DiffSinger: Singing Voice Synthesis via Shallow Diffusion Mechanism (SVS & TTS); AAAI 2022; Official code
MIT License
4.27k stars 713 forks source link

How to train a model from scratch, with new data set? #18

Closed duheyu closed 1 year ago

duheyu commented 2 years ago

The training steps given in the readme.md for DiffSinger require your saved checkpoints and your training data. Can you please indicate how train a model from scratch, with a new data set?

MoonInTheRiver commented 2 years ago

This repo has supported datasets with various types:

  1. Ljspeech (open-source dataset)
  2. PopCS (our dataset)
  3. Opencpop (dataset from opencpop team) Also, we find that DiffGAN-TTS re-implemented our DiffSpeech on their own multi-spk dataset. We think that people can read and understand our data pipeline, and then train a model with a new dataset, like team DiffGAN-TTS.
duheyu commented 2 years ago

We've been struggling with this for a while now, without success. Can someone please advise on how to train DiffSinger from scratch?

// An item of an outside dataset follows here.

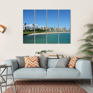 Bring the serene beauty of Oahu to your space with this stunning beach scene. Featuring a calming palette of blue and tan, it captures the essence of a tropical day marked by a clear sky and peaceful turquoise waters.

We have a data set prepared and ready , but don't understand which commands to run to to train without the given checkpoint, and if something needs to be modified in the code. Any help is appreciated, thank you.

ghost commented 2 years ago

Yes, please add an instruction on how to run the training steps of DiffSinger from scratch. You can use the PopCS dataset as example, just instruct how to start training from the beginning, without any saved checkpoints (creating new ones).